### DATA SECTION
********

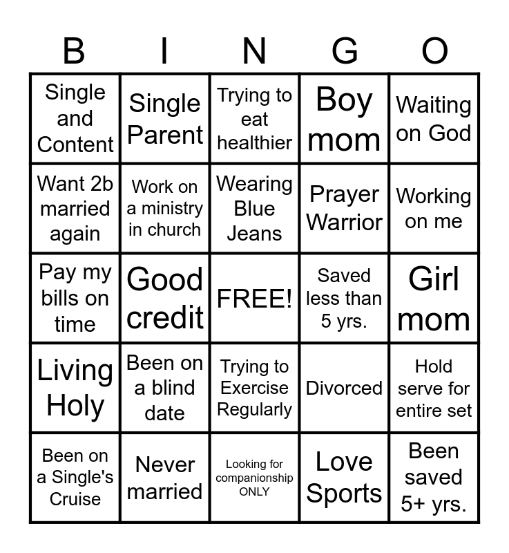 This bingo card has a free space and 24 words: Been on a blind date, Never married, Wearing Blue Jeans, Been on a Single's Cruise, Waiting on God, Single and Content, Want 2b married again, Single Parent, Saved less than 5 yrs., Trying to Exercise Regularly, Prayer Warrior, Pay my bills on time, Divorced, Hold serve for entire set, Work on a ministry in church, Love Sports, Girl mom, Trying to eat healthier, Working on me, Good credit, Been saved 5+ yrs., Living Holy, Boy mom and Looking for companionship ONLY.
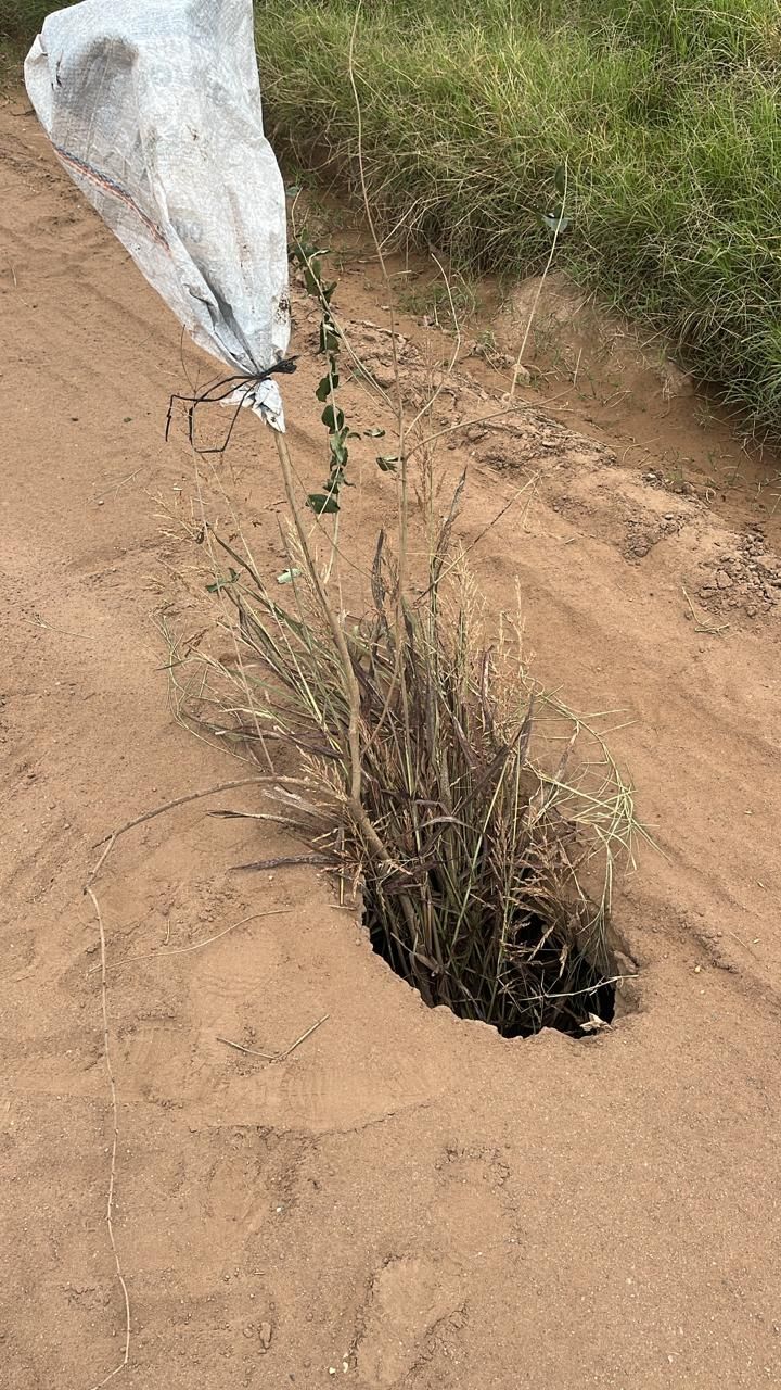 En el camino 050-15, camino a Santa Regina, saliendo de Cañada Seca a unos metros, se ha abierto un pozo en una de sus alcantarillas.
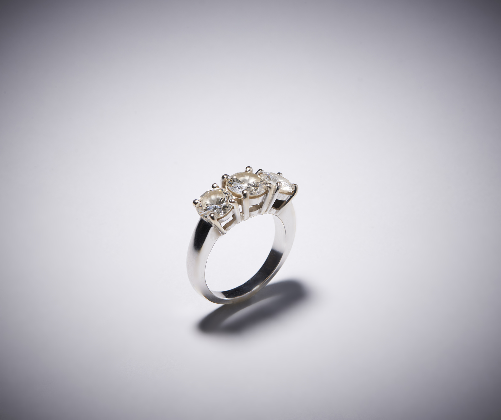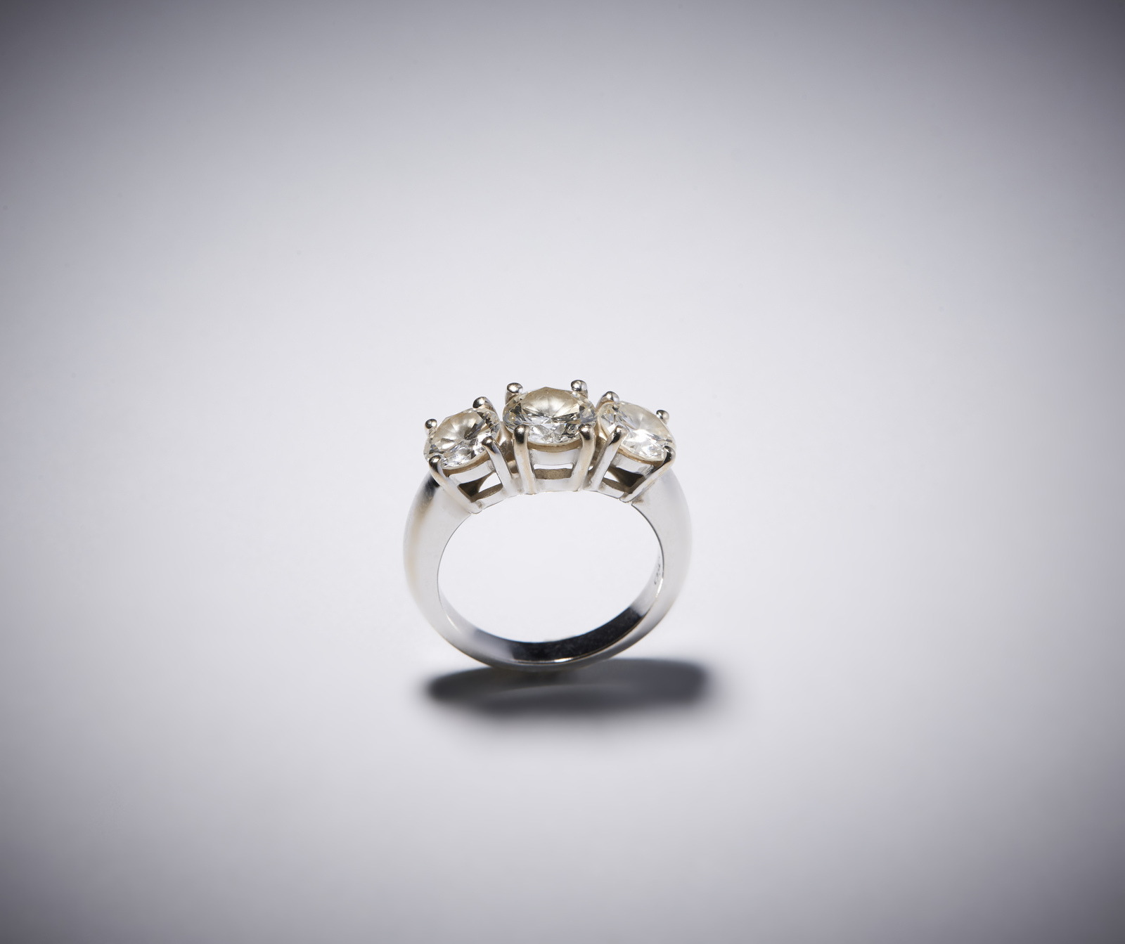 . Un anello in oro bianco 750/1000 trilogy con tre diamanti taglio brillante di circa 3,00 carati . . . . Colore H / I

********

### WHAT IS NEEDED
The lines running from the one with "En el camino" to the close of the material above are to be retyped exactly; no picture is to be included.

### YOUR SOLUTION
 En el camino 050-15, camino a Santa Regina, saliendo de Cañada Seca a unos metros, se ha abierto un pozo en una de sus alcantarillas.
 . Un anello in oro bianco 750/1000 trilogy con tre diamanti taglio brillante di circa 3,00 carati . . . . Colore H / I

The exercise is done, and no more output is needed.